Descartan intervención de la ONU


Peligro. La situación en Gaza podrí­a generar una guerra civil, de acuerdo con los analistas.

La idea de una intervención de una fuerza de la ONU en la franja de Gaza lanzada por el secretario general de Naciones Unidas, Ban Ki-moon, fue considerada hoy con escepticismo por los expertos, dudosos sobre su oportunidad y viabilidad.


Los analistas interrogados por la AFP sostuvieron unánimemente que pocos, si no ningún paí­s, aceptará enviar tropas al polvorí­n de Gaza antes de que Hamas y Fatah establezcan un alto el fuego.

Una fuente diplomática británica calificó la propuesta de Ban Ki-moon de «palabras al viento». Para otra, tiene buena intención pero es totalmente irrealista, dada la situación actual y el historial de otras intervenciones hoy viernes por el diario Frankfurter Rundschau, el jefe de la diplomacia alemana, Frank-Walter Steinmeier, calificó la hipótesis de «impensable» y pidió «ser realistas».

Un acuerdo entre los islamistas de Hamas y el movimiento Fatah, del presidente palestino, Mahmud Abas, es una condición previa a cualquier intervención internacional, sostuvo Carne Ross, ex miembro de la misión británica en la ONU que abandonó la cancillerí­a por su desacuerdo con la guerra en Irak.

«Sin él, cualquier fuerza extranjera serí­a atacada», explicó.

Pascal Boniface, del Instituto de Relaciones Internacionales y Estratégicas de Parí­s, compartió esta opinión, y subrayó además las dificultades de una intervención de mantenimiento de la paz en una zona tan poblada como la franja de Gaza, con el riesgo de guerrilla urbana que ello implica.

Ross añadió por su parte que, incluso si la ONU vota de urgencia una resolución, «llevará semanas» enviar tropas al terreno, como ya sucedió con el enví­o de la FINUL a Lí­bano después de que Israel y el movimiento chiita Hezbolá llegaron a un acuerdo en el verano (boreal) de 2006.

Para Chris Doyle, director de la ONG londinense Consejo para el Entendimiento Arabe-Británico, una fuerza internacional sólo serí­a viable en el marco ampliado de una reanudación del proceso de paz israelo-palestino.

«Incluso si Ban quiere demostrar que hace algo, de hecho, el mayor peso es lo que tengan que decir sobre el tema la secretaria de Estado y el presidente estadounidenses» Condoleezza Rice y George W. Bush, dijo Doyle.

Doyle y Ross coincidieron en señalar que, dada la creciente preocupación en la región, Arabia Saudí­ podrí­a jugar de nuevo un papel mediador.

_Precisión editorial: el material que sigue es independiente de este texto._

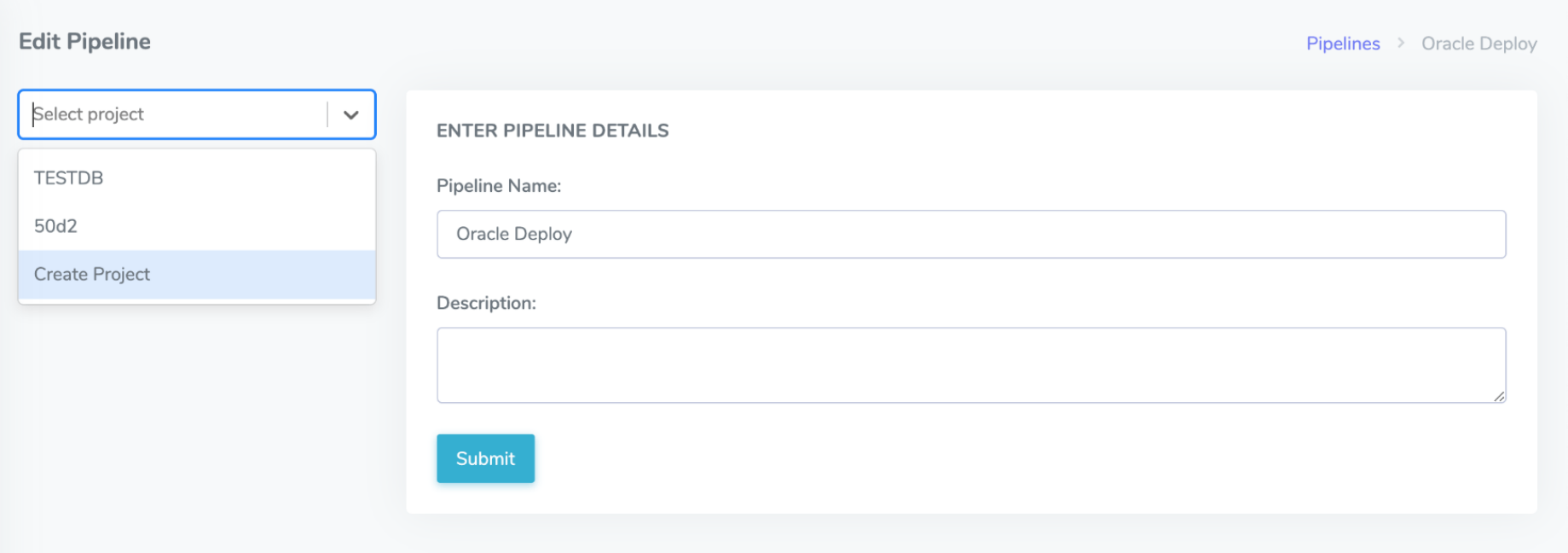 After creating a new pipeline, you can select the Create Project option on the page you are directed to and add the relevant project after the pipeline.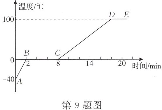 9. 小敏对100g冰加热,并根据冰熔化成水直到沸腾的过程记录数据,绘制成如图所示的温度随时间变化的图像。分析图像发现,造成AB段和CD段升温快慢不同的原因是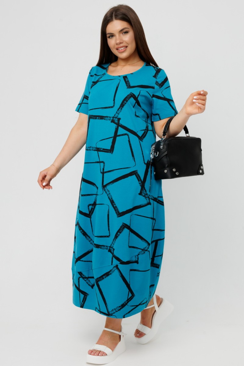 Платье женское П168 кулирка (последний размер) бирюзовый ромб 50,58,62

Este paí­s acogió en febrero, en La Meca, una reunión entre Hamas y Fatah que dio lugar a la firma de un acuerdo para formar un gobierno de unidad, ahora fracasado.

Egipto, que actúa de mediador en Gaza, y la Liga Arabe, cuyos cancilleres tienen previsto reunirse el viernes en El Cairo, también podrí­an evitar un baño de sangre palestino.

Rime Allaf, una especialista en Oriente Medio del instituto de estudios londinense Chatham House, consideró que la comunidad internacional deberí­a hacer un gesto y renunciar a la congelación de sus ayudas directas al gobierno palestino, adoptada tras la llegada al poder de Hamas, en marzo de 2006.

Una fuerza de la ONU «es la peor solución», insistió.

«Se necesita una intervención pero no armada. Lo que los palestinos necesitan es una razón para creer que puede surgir algo positivo del gobierno de unidad», finalizó.